= Elieser Bassin =

Russian-Jewish author (1840–1898)

Elieser Bassin (1840–1898) was a Russian-Jewish convert to Christianity, and an author and proponent of British Israelism.

==Life==
Born in 1840 to a wealthy Russian Jewish family in Mogilev (present day Belarus) Elieser later converted to Christianity in 1869 and became a missionary and member of the "London Jewish Society for Promoting Christianity Among the Jews". He later moved and settled in Britain and through the literature of Edward Hine became a proponent of British Israelism.

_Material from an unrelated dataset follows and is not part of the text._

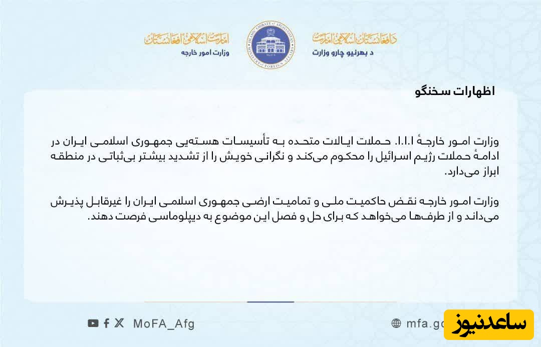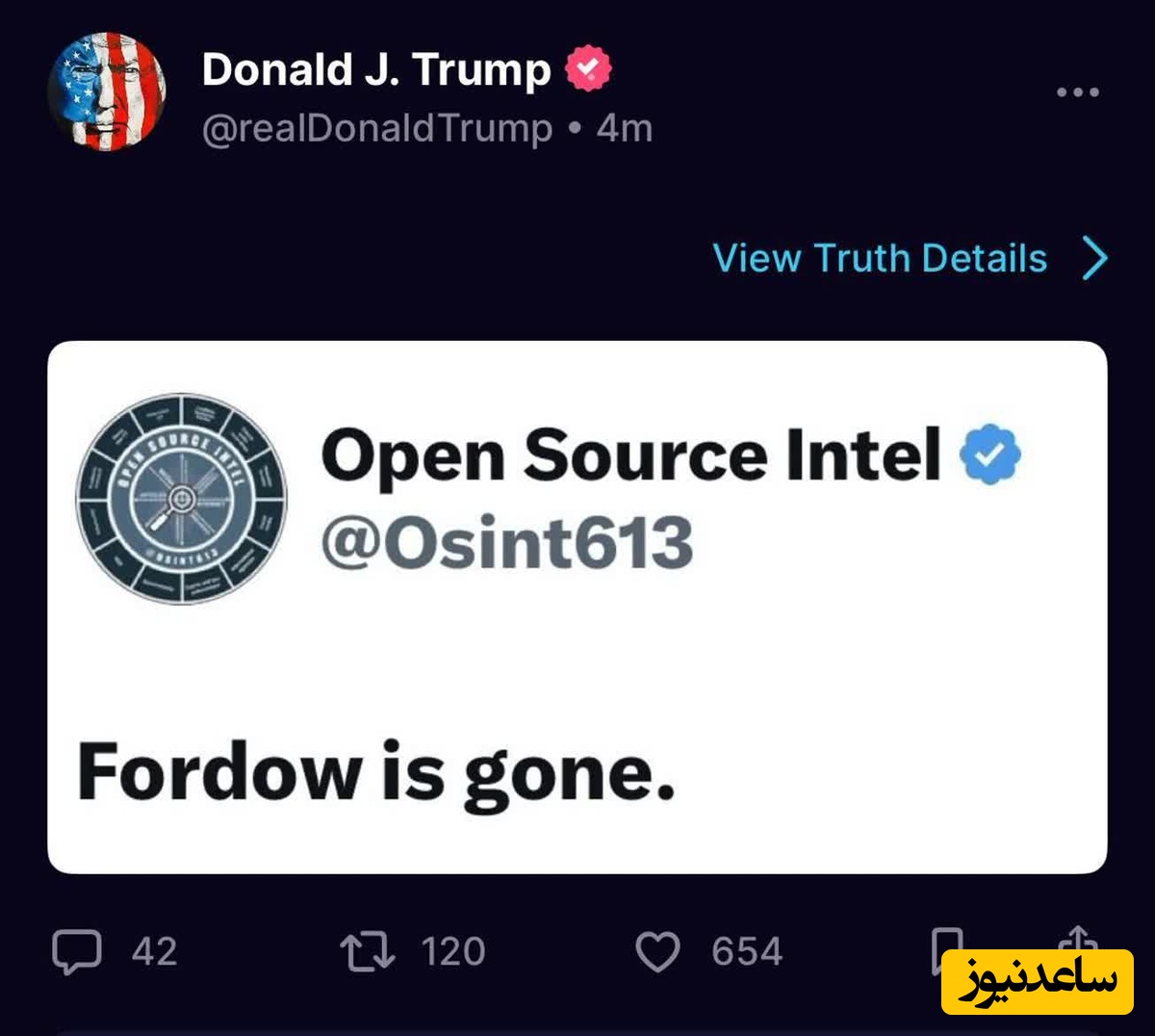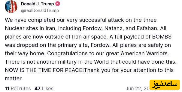 ترامپ: ما حمله بسیار موفقیتآمیز خود را به سه سایت هستهای ایران، شامل فردو، نطنز و اصفهان، تکمیل کردیم. اکنون همه هواپیماها خارج از حریم هوایی ایران هستند. محموله کاملی از بمبها روی سایت اصلی، فردو، ریخته شد. همه هواپیماها به سلامت در راه بازگشت به خانه هستند. به رزمندگان بزرگ آمریکاییمان تبریک میگوییم. هیچ ارتش دیگری در جهان نمیتواند این کار را انجام دهد. اکنون زمان صلح است!

In 1885 Bassin was appointed as the first director of the "Scottish Home Mission to the Jews" in Edinburgh, a position he held until his death in 1898. Bassin's daughter was folklorist and musician Rose Ethel Bassin.

==British Israelism==
Elieser is credited as the first Jewish convert to British Israelism. In 1884 he delivered a lecture entitled "God's Dealings With His Chosen People Israel" to a crowd of British Israelites in Portobello, Edinburgh. In his book British and Jewish Fraternity Eleiser equated Britain with the Israelite tribe of Ephraim:

The Hebrew Scriptures point to the British Isles as the home of God's first-born (i.e. Ephraim, the collective name for the Ten Tribes, Jeremiah 31:9)...It is my conviction that Britain is the nation with whom God has from first to last identified Himself. I, an Israelite of the House of Judah claim you as Israelites of the House of Ephraim (Le. the House of Israel). As believers in the faithfulness of our covenant-keeping God, I call you to awake from your sleep.

==Works==
- The modern Hebrew, and the Hebrew Christian (1882)
- British and Jewish Fraternity (1884)
- Lost Ten Tribes: Anglo-Israel by a Jew (1884)
- A finger-post to the way of salvation. An exposition from the Bible and Rabbinical books (1887)
- The Passover, as celebrated now by the Jews, compared with that celebrated by Christ and His disciples (1889)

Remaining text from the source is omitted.